We have recently seen Car hacking that could risk anyone's life, Hoverboard hacking, even hacking of a so-called smart Gun and also the widespread hacks of insecure CCTV cameras, routers and other internet-connected home appliances.

But this did not stop vendors from selling unsecured Internet-connected smart devices, and customers are buying them without giving a sh*t about the security of their smart devices.

However, the massive cyber attack on a popular DNS service provider that shut down a large portion of the Internet last year made us all fear about the innocent-looking IoT devices, which surround us every day, but actually, poses a threat to global cyber security.

Not anymore!

A bipartisan group of senators have now introduced a new bill aimed at securing internet-connected devices by setting industry-wide security standards for the government's purchase and use of IoT devices, including computers, routers and security cameras.

The new bill—called the Internet of Things Cybersecurity Improvement Act of 2017—was introduced on Tuesday by Senator Mark Warner (D-VA), a Democrat in Virginia and Senator Cory Gardner (R-CO), a Republican from Colorado.

The bill would require suppliers that provide wearables, sensors and other web-connected smart devices to the United States government to adhere to some new industry-wide security practices.

The security standards prohibit the suppliers from including hard-coded (unchangeable) usernames and passwords in their devices, which is a primary vector for hackers and malware to break into the devices and hijack them.

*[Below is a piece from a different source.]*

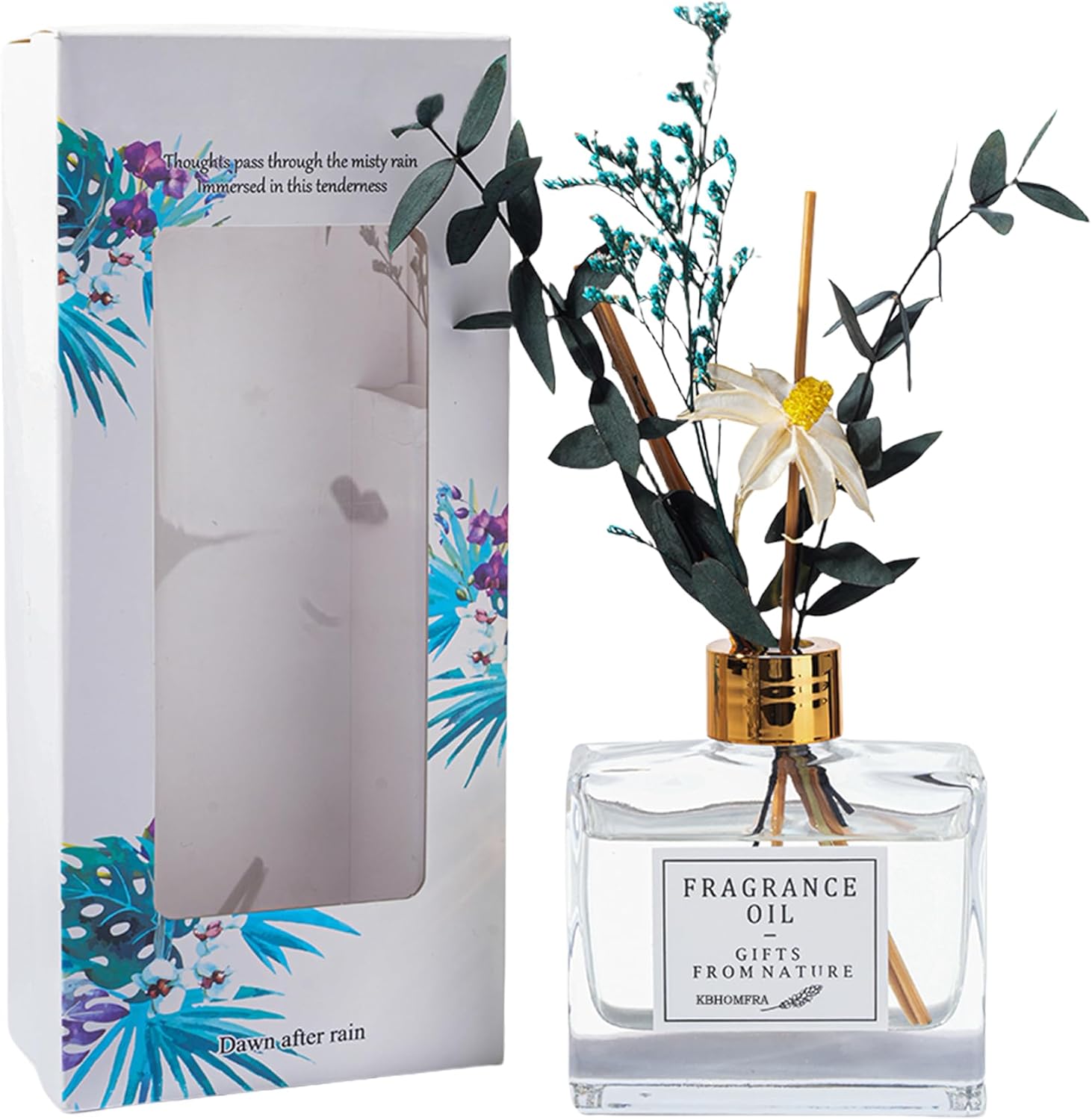 - COMPLETE SET: Includes One fragrance diffuser 4.05oz ,A bouquet of dried flowers (real flowers preserved through a special process), and Rattan sticks. In addition, free send 5pcs/pack diffuser sticks. Enjoy lasting fragrance for 30-50 days

Last year's cyber attack on Dyn DNS provider also involved the use of default credentials to break into hundreds of thousands of internet-connected smart devices and then used them to launch distributed denial of service (DDoS) attacks on Dyn, causing a significant outage to a ton of websites such as Twitter, GitHub, PayPal, Amazon, and Netflix for several hours.

The legislation would also require vendors to ensure that their devices are patchable and are free from already known vulnerabilities when sold.

The bill was drafted with input from technology experts at the Atlantic Council and Harvard University.

The lawmakers are trying to "take the lightest touch possible" to address an "obvious market failure" that has left device manufacturers with little incentive to build with security in mind, Sen. Warner told Reuters.

The legislation would direct the White House Office of Management and Budget (OMB) for permission to buy devices if their network-level security requirements are in place.